*Task requirements:* Only the stretch of the listing below that runs from the line with "Things were now" through the line with "За словами Лея" is to be printed, exactly and with both ends.

*Supplied data:*
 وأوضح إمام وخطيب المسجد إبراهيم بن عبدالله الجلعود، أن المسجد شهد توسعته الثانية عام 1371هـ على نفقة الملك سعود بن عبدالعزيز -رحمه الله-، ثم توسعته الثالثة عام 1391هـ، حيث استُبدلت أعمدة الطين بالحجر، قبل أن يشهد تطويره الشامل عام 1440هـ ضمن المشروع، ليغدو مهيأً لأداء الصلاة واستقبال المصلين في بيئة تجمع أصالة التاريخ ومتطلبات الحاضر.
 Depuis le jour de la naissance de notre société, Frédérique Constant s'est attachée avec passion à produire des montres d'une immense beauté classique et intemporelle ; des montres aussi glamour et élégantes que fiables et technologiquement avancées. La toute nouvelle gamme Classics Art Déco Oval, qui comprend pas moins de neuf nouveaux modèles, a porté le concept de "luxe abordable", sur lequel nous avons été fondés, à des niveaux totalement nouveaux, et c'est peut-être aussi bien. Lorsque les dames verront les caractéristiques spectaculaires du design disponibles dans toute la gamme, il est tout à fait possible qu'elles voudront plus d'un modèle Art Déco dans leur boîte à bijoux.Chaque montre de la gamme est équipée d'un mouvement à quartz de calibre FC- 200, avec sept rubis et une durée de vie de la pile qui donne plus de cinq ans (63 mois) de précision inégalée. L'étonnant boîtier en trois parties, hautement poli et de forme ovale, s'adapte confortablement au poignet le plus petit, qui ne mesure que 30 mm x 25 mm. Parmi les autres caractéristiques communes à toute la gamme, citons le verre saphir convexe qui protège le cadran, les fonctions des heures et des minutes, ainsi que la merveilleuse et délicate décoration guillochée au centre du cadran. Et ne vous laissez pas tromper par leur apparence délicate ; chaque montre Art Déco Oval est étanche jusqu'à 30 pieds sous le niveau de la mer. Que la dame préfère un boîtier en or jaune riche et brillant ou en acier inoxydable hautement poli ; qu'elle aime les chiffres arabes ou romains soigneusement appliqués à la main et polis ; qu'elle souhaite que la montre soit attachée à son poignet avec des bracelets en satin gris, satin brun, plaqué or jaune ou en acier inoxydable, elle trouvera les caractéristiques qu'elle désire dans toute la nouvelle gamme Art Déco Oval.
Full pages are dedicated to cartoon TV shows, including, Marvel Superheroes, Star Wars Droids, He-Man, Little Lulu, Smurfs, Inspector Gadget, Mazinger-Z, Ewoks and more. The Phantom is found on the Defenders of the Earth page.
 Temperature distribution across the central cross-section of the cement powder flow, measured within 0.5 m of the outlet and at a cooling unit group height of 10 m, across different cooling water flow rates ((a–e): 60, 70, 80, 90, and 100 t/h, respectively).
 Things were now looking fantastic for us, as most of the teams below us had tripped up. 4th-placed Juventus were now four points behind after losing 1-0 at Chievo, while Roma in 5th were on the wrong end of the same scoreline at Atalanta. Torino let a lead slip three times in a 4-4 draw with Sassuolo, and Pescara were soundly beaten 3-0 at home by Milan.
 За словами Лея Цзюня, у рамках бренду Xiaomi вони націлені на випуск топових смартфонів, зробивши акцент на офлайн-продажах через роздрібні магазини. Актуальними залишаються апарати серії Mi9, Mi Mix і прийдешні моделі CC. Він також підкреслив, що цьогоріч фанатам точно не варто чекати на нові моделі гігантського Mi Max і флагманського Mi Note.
* * *
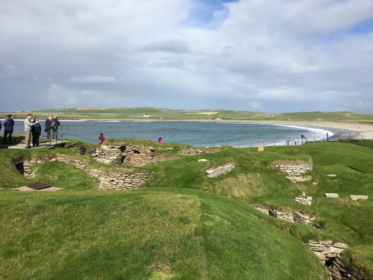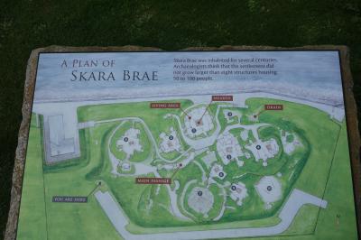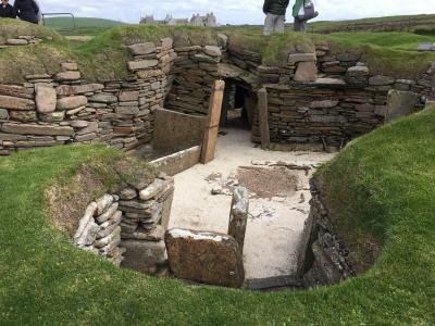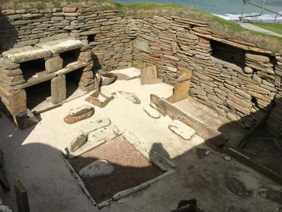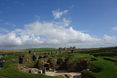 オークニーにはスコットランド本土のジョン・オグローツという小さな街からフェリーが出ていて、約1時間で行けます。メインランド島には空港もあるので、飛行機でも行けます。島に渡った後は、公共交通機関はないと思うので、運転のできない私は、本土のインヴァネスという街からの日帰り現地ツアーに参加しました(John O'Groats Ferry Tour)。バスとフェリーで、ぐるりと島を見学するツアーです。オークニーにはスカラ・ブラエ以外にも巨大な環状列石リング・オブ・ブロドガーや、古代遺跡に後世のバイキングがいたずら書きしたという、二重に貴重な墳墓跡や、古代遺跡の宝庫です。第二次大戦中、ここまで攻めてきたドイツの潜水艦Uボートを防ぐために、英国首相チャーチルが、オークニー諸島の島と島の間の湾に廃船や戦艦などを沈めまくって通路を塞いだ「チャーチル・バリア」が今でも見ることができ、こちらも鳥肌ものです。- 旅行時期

*Response area:*
 Things were now looking fantastic for us, as most of the teams below us had tripped up. 4th-placed Juventus were now four points behind after losing 1-0 at Chievo, while Roma in 5th were on the wrong end of the same scoreline at Atalanta. Torino let a lead slip three times in a 4-4 draw with Sassuolo, and Pescara were soundly beaten 3-0 at home by Milan.
 За словами Лея Цзюня, у рамках бренду Xiaomi вони націлені на випуск топових смартфонів, зробивши акцент на офлайн-продажах через роздрібні магазини. Актуальними залишаються апарати серії Mi9, Mi Mix і прийдешні моделі CC. Він також підкреслив, що цьогоріч фанатам точно не варто чекати на нові моделі гігантського Mi Max і флагманського Mi Note.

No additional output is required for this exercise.